→ Action item
What you give back should be exactly the lines from the one with "A regal woman" through the end of the data, without the pictures.

→ Material provided
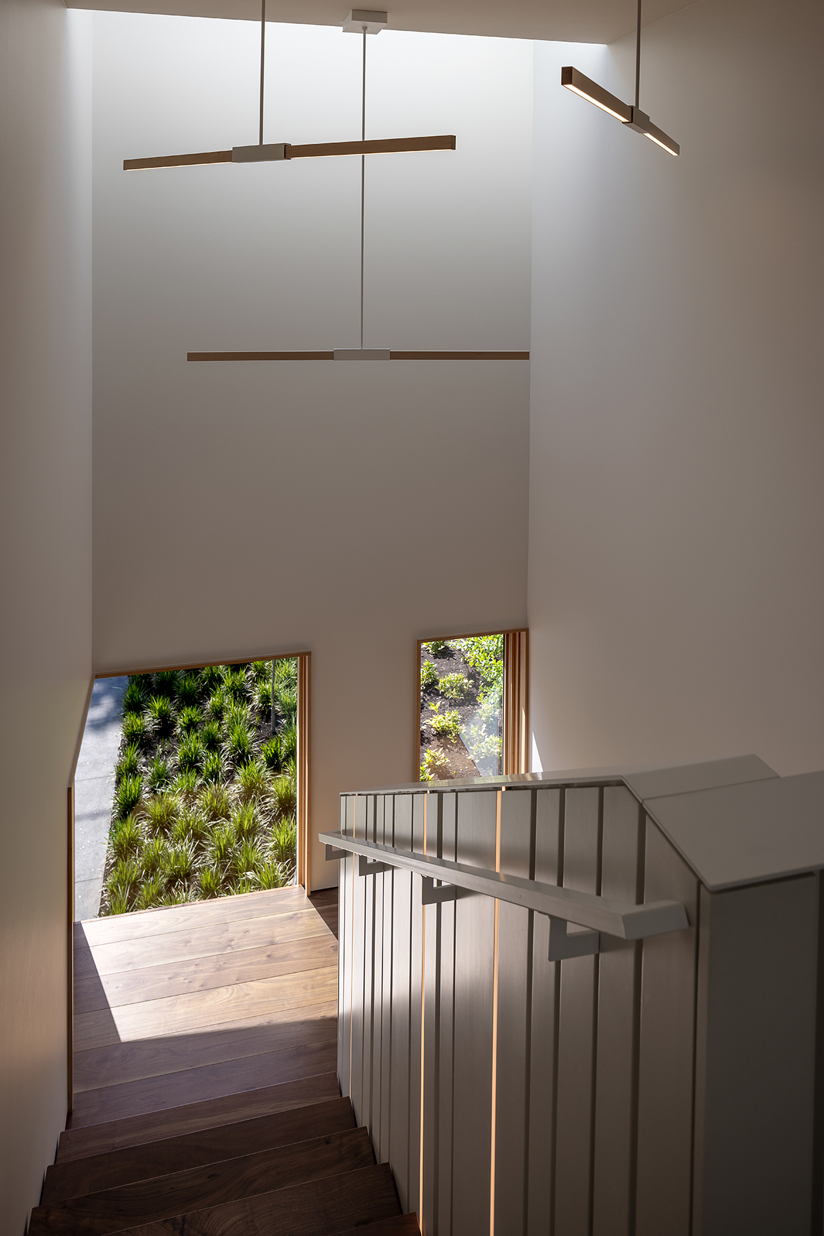 Two additional skylights illuminate the otherwise enclosed stairwell and upstairs hallway. “In the morning, as you walk around in your pajamas, you still have that privacy until you choose to walk down the stairs and join the public space,” Shawn says.
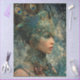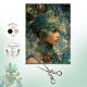 A regal woman emerges in profile, adorned with peacock feathers, gemstones, and ornate textures that shimmer against a sparkling floral backdrop. Her serene expression and elaborate costume evoke mysticism and elegance. Perfect for decoupage, mixed media, or furniture art that celebrates feminine power, fantasy fashion, and radiant detail.
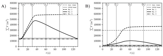 The sum of the mobilized volume in the simulation for (A) avalanche #0017 and (B) avalanche #0019 for the three simulation setups no. 1, no. 2 and no. 3. The vertical markers A–D and E–H correspond to the snapshots of the simulations in Figure 6 and the markers in the MTI images (Figure 4 and Figure 5). Gray horizontal lines give volumes of initial release (lower line) and total volume (upper line), reported by Köhler et al. [29].

→ Answer space
 A regal woman emerges in profile, adorned with peacock feathers, gemstones, and ornate textures that shimmer against a sparkling floral backdrop. Her serene expression and elaborate costume evoke mysticism and elegance. Perfect for decoupage, mixed media, or furniture art that celebrates feminine power, fantasy fashion, and radiant detail.
 The sum of the mobilized volume in the simulation for (A) avalanche #0017 and (B) avalanche #0019 for the three simulation setups no. 1, no. 2 and no. 3. The vertical markers A–D and E–H correspond to the snapshots of the simulations in Figure 6 and the markers in the MTI images (Figure 4 and Figure 5). Gray horizontal lines give volumes of initial release (lower line) and total volume (upper line), reported by Köhler et al. [29].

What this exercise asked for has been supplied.